From 2 international registries of patients with CPVT, variant-carrying symptomatic children (defined as syncope or sudden cardiac arrest before β-blocker initiation and age at start of β-blocker therapy <18 years), treated with a β-blocker were included. Cox regression analyses with time-dependent covariates for β-blockers and potential confounders were used to assess the hazard ratio (HR). The primary outcome was the first occurrence of sudden cardiac death, sudden cardiac arrest, appropriate implantable cardioverter-defibrillator shock, or syncope. The secondary outcome was the first occurrence of any of the primary outcomes except syncope.
We included 329 patients (median age at diagnosis, 12 [interquartile range, 7-15] years, 35% females). Ninety-nine (30.1%) patients experienced the primary outcome and 74 (22.5%) experienced the secondary outcome during a median follow-up of 6.7 (interquartile range, 2.8-12.5) years. Two-hundred sixteen patients (66.0%) used a nonselective β-blocker (predominantly nadolol [n=140] or propranolol [n=70]) and 111 (33.7%) used a β1-selective β-blocker (predominantly atenolol [n=51], metoprolol [n=33], or bisoprolol [n=19]) as initial β-blocker. Baseline characteristics did not differ. The HRs for both the primary and secondary outcomes were higher for β1-selective compared with nonselective β-blockers (HR, 2.04 [95% CI, 1.31-3.17]; and HR, 1.99 [95% CI, 1.20-3.30], respectively). When assessed separately, the HR for the primary outcome was higher for atenolol (HR, 2.68 [95% CI, 1.44-4.99]), bisoprolol (HR, 3.24 [95% CI, 1.47-7.18]), and metoprolol (HR, 2.18 [95% CI, 1.08-4.40]) compared with nadolol, but did not differ from propranolol. The HR of the secondary outcome was only higher in atenolol compared with nadolol (HR, 2.68 [95% CI, 1.30-5.55]).

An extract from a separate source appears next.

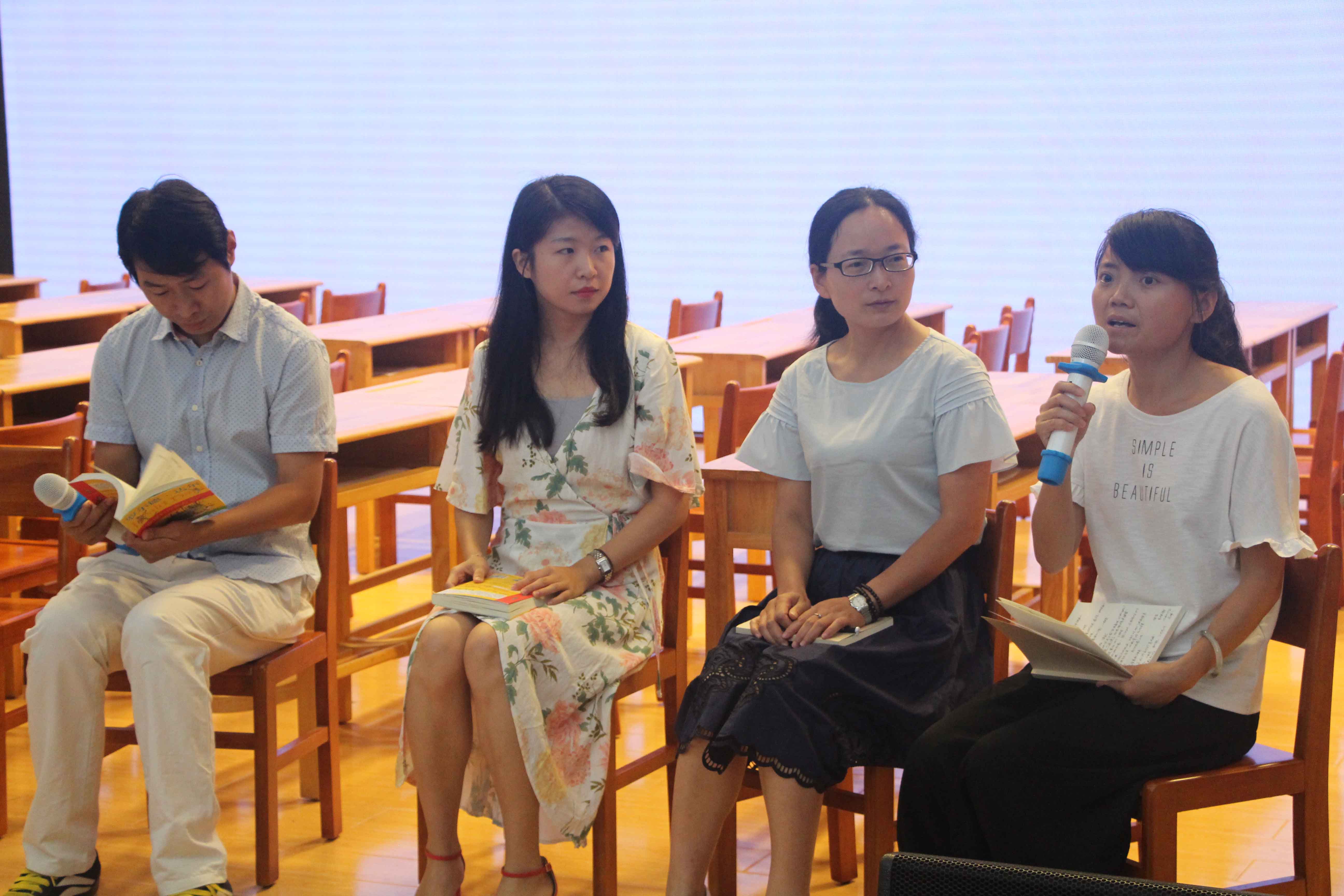 今天进入到整本书阅读与教学专题。阅读、设计《查理的巧克力工厂》是学员的必做功课。读书交流会开始了。四位老师踊跃登台,与大家畅谈他们的读后感。
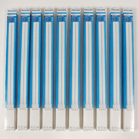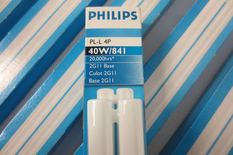 21 brand new Philips fluorescent light bulbs, 40 Watts, 3300 Lumens 20,000 Hours, 2GII base, 4 pins, model PL-L 4P 40W/84I. Surplus from an electrical company in Montreal, Quebec, Canada.

β1-selective β-blockers were associated with a significantly higher risk for arrhythmic events in symptomatic children with CPVT compared with nonselective β-blockers, specifically nadolol. Nadolol, or propranolol if nadolol is unavailable, should be the preferred β-blocker for treating symptomatic children with CPVT.

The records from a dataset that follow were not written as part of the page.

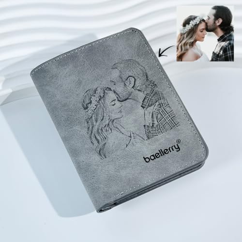 HOT ! Personalized PU Leather Wallet for Men, Custom with Picture - Ideal Gift for Dad, Boyfriend, Husband (grey - with photo)
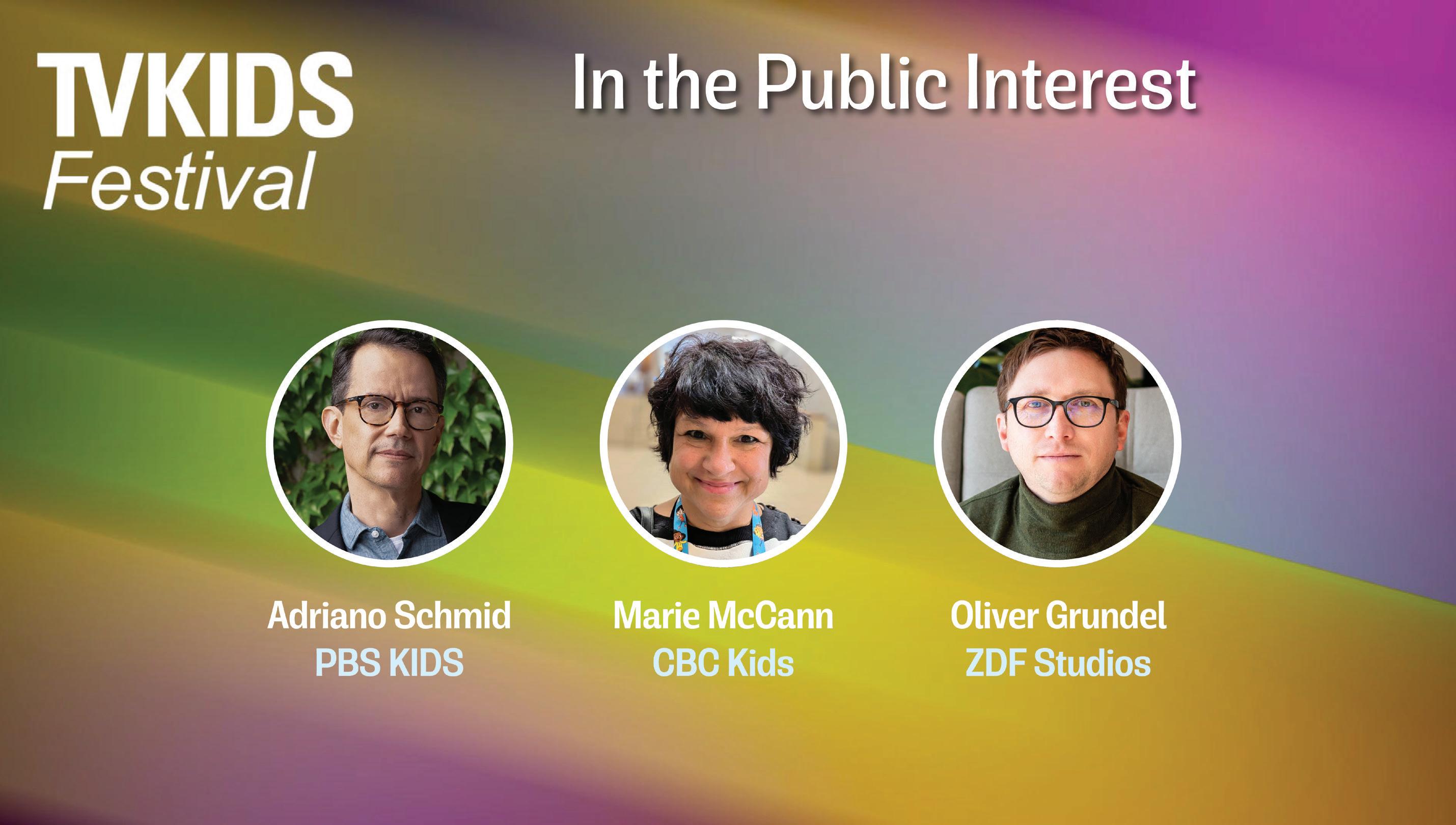 IN THE PUBLIC INTEREST PBS KIDS’ Adriano Schmid, CBC Kids’ Marie McCann and ZDF Studios’ Oliver Grundel came together to discuss the state of public broadcasting from production, distribution and programming perspectives.
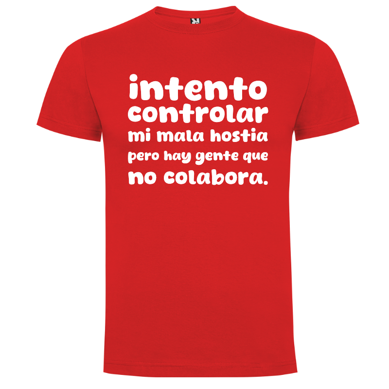 Presentamos nuestra camiseta personalizada con la frase «intento controlar mi mala hostia pero hay gente que no colabora». Perfecta para quienes tienen un carácter fuerte y un sentido del humor afilado. Ideal para llevar en ocasiones informales o como regalo original.
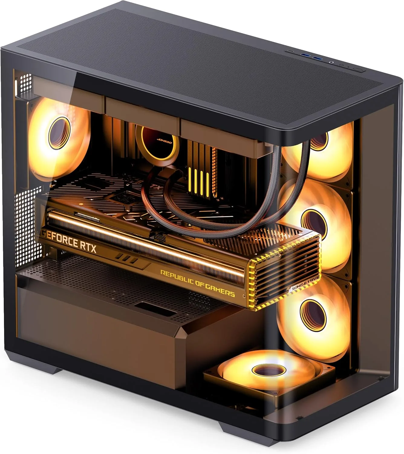 Jonsbo D300 : L’innovation en matière de boîtier Mid-Tower avec verre trempé coudé à 270°

有症状的儿茶酚胺多形性室性心动过速(CPVT)患儿存在心律失常事件复发的风险。β受体阻滞剂可降低这种风险,但缺乏比较大样本量的 CPVT 患儿使用不同β受体阻滞剂的研究。我们旨在评估在一个大型 CPVT 有症状患儿队列中,心律失常事件的风险与β受体阻滞剂类型之间的关系。
从 CPVT 的两个国际注册中心中,纳入携带变异的有症状患儿(定义为在开始使用β受体阻滞剂之前发生晕厥或心搏骤停,且开始β受体阻滞剂治疗的年龄<18 岁),并接受β受体阻滞剂治疗。使用时间依赖性协变量的 Cox 回归分析来评估β受体阻滞剂和潜在混杂因素的危险比(HR)。主要结局是心源性猝死、心搏骤停、适当的植入式心脏复律除颤器电击或晕厥的首次发生。次要结局是除晕厥外任何主要结局的首次发生。

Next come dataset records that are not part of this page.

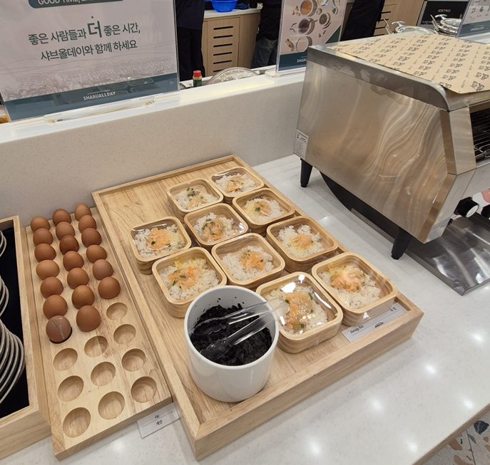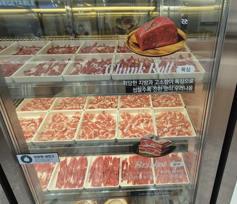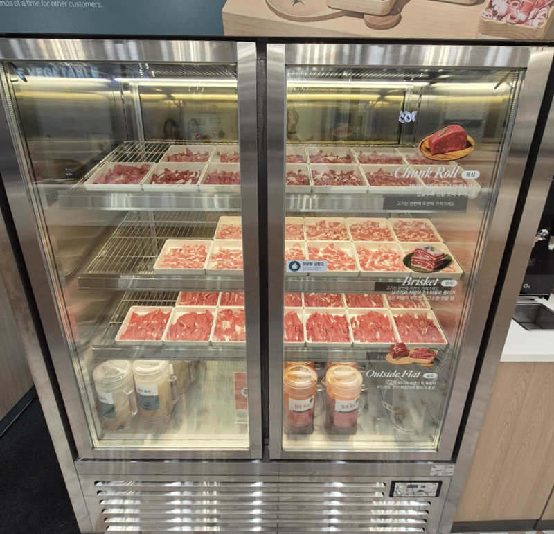 고기는 냉장고 안에 정량으로 준비되어 있었는데 양지, 목심, 설도가 있었고, 밑에 육수도 준비되어 있어요. 이전에 방문했던 다른 샤브 올데이는 실온에 고기가 있었는데 훨씬 더 위생적으로 좋아 보였고, 안심이 되었습니다.
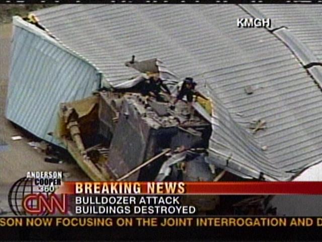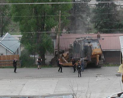 Вложение 27906 Жил-был один человек из Колорадо, имя его Марвин Джон Химейер. История про него очень интересная, поэтому прошу прочитать до конца, ведь такой человек один... Так вот, жил Химейер, работал сварщиком, делал автомобильные глушители в маленьком городочке где живут всего 2000+ людей. Назывался он Гранби, штат Колорадо. Была у него мастерская с магазином. Земельный участок под этой мастерской он официально выкупил за довольно приличные бабки порядка $15 000, для покупки он продал свою долю в большом автосервисе в Денвере. Вложение 27907 А так же в качестве увлечения, он строил снегоходы и зимой гонял на них по окрестностям городка, катая молодоженов. Как на лимузине блиать. У него даже была соответствующая лицензия на это дело. На мой взгляд, дядька был довольно добродушный, щедрый и в высшей степени прикольный. Отслужил в свое время в ВВС, аэродромным техником, и с тех пор стабильно трудился по инженерно-технической части. Дожил до пятидесяти двух лет, не женат. 52 летний сварщик Химейер успел прожить в Гранби несколько лет, чиня автомобильные глушители. Его маленькая мастерская тесно примыкала к цементному заводу Mountain Park. К недовольству Химейера и других соседей завода, Mountain Park решил расширяться, вынуждая их продавать свои земельные участки. Рано или поздно сдались все соседи завода, но не Химейер, потому что он реальный мужик. Его землю козлы из банков так и не смогли получить, хотя пытались сделать это всеми правдами и неправдами. В общем, отчаявшись культурно решить вопрос, мужика стали травить. Поскольку все земли вокруг мастерской уже принадлежали заводу, ему перекрыли все коммуникации и подъезд к дому. Но Марвин решил проложить другую дорогу, и даже купил для этого списанный бульдозер «Komatsu D355A-3» восстановив на нем двигатель в своей мастерской. Вложение 27908 Но городская администрация отказала в разрешении на прокладку новой дороги. В банке придрались к оформлению ипотечного кредита и пригрозили отобрать дом. Химейер пытался восстановить справедливость, подав в суд на Mountain Park, но в суде проиграл. Несколько раз наехала налоговая по налогам с розничной торговли, пожарники, санэпиднадзор, последний выписал штраф на $ 2500 за резервуар, не отвечающий санитарным нормам речь который находился у него в автомастерской. Подключиться к канализации Марвин не мог, поскольку земля, по которой следовало прохуячить канаву, тоже принадлежала заводу и завод не спешил давать ему такое разрешение. Марвин заплатил. Приложив к квитанции при отправке краткую записку - «Трусы» (лолшо). Через некоторое время случилось самое пичальное в жизни, умер очень близкий родственник, отец. И тогда Марвин поехал его хоронить и пока он был в отъезде, ему отключили свет, воду и опечатали мастерскую. После этого он закрылся в мастерской. Практически его никто не видел. И тут начинается самое эпичное! И вот, 4 июля 2004 года, Химейер взял конкретный реванш. За всё. Вложение 27909 На создание ниибаца-Бронированного бульдозера ушло около 2 месяцев, по одним сообщениям, и около полутора лет, по другим... Нашуярил его двенадцатимиллиметровыми стальными листами, проложенными сантиметровым слоем цемента. Оснастил телекамерами с выводом изображения на мониторы внутри кабины. Снабдил камеры системами очистки объективов на случай ослепления их пылью и мусором. Предусмотрительный 
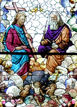 This appears to picture the saint's welcome into Heaven rather than the vision of Christ and his cross that he had during his lifetime. The three "persons" of the Trinity are arranged as in the Trinity iconography that was becoming standard at the time (at right).
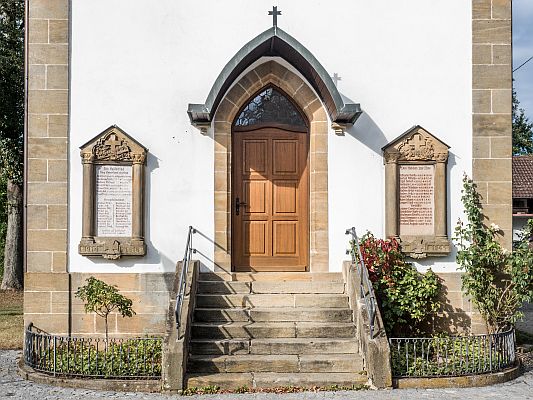 Außen an der Kapelle Maria Geburt, neben dem Eingang, befinden sich zwei Gedenktafeln, die mit Säulen und einem Dach verziert sind.
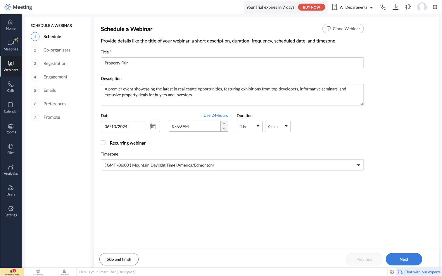 2. Enter the webinar title, description, date, and timings to schedule the webinar.  You can also add details such as co-organizers, registration and engagement preferences before you click on the finish button.
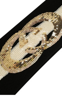 A black wool headband, contrasted by an ivory stripe with tonal sequins. The item is enhanced by the Interlocking G, presented on the front in gold sequins. Part of the House's eclectic vision, the headband has become a recognizable Gucci accessory. Composition: Wool 100% Made in Italy
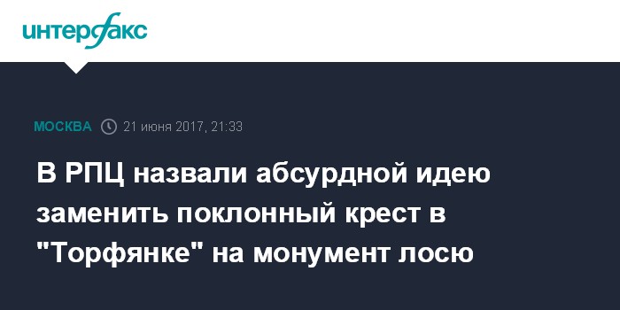 Москва. 21 июня. INTERFAX.RU - В Русской церкви подвергли критике предложение о том, чтобы демонтировать поклонный крест в парке "Торфянка" в Лосиноостровском районе Москвы и установить на его месте памятник лосю.
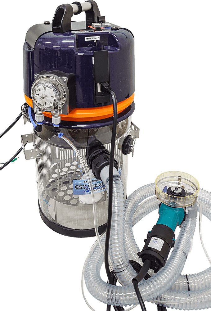 GSCウェットサンダーは、湿潤化と集塵に有効な機能を持つサンダーです。作業中に水を常時供給して粉塵の飛散を防ぎつつ、汚水を回収してろ過します。水を再利用できるため、水源のない場所での粉塵対策にも役立ちます。作業環境をクリーンに保ち、作業者の健康リスクを低減するのに有効な製品です。
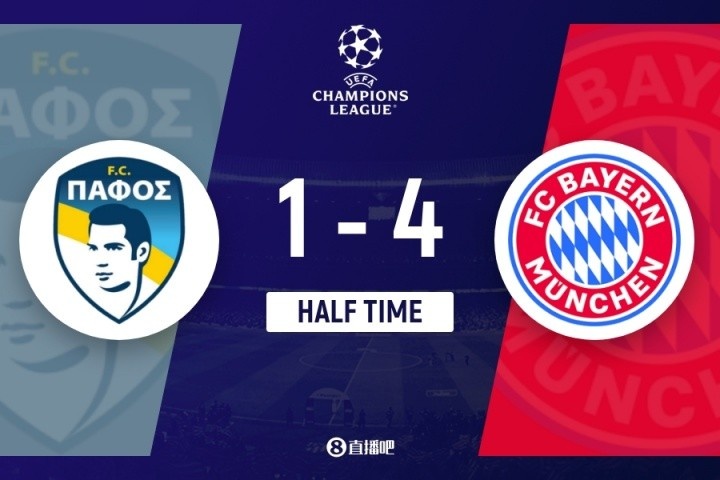 上半场莫得伤停补时,半场端正,拜仁暂4-1帕福斯。

我们纳入了 329 名患者(诊断时的中位年龄为 12 岁[四分位间距 7-15 岁],35%为女性)。99 名(30.1%)患者发生了主要结局,74 名(22.5%)患者在中位随访 6.7 年(四分位间距 2.8-12.5 年)期间发生了次要结局。216 名(66.0%)患者使用了非选择性β受体阻滞剂(主要是纳多洛尔[n=140]或普萘洛尔[n=70]),111 名(33.7%)患者使用了β1-选择性β受体阻滞剂(主要是阿替洛尔[n=51]、美托洛尔[n=33]或比索洛尔[n=19])作为初始β受体阻滞剂。基线特征无差异。β1-选择性β受体阻滞剂的主要和次要结局的 HR 均高于非选择性β受体阻滞剂(HR 分别为 2.04[95%CI,1.31-3.17]和 1.99[95%CI,1.20-3.30])。分别评估时,阿替洛尔的主要结局 HR 更高(HR 为 2.68[95%CI,1.44-4.99]),比索洛尔(HR 为 3.24[95%CI,1.47-7.18])和美托洛尔(HR 为 2.18[95%CI,1.08-4.40])与纳多洛尔相比,但与普萘洛尔无差异。次要结局的 HR 仅在阿替洛尔中高于纳多洛尔(HR 为 2.68[95%CI,1.30-5.55])。
β1-选择性β受体阻滞剂与 CPVT 有症状患儿心律失常事件的风险显著高于非选择性β受体阻滞剂,特别是纳多洛尔。纳多洛尔或如果纳多洛尔不可用,则应首选普萘洛尔作为治疗 CPVT 有症状患儿的β受体阻滞剂。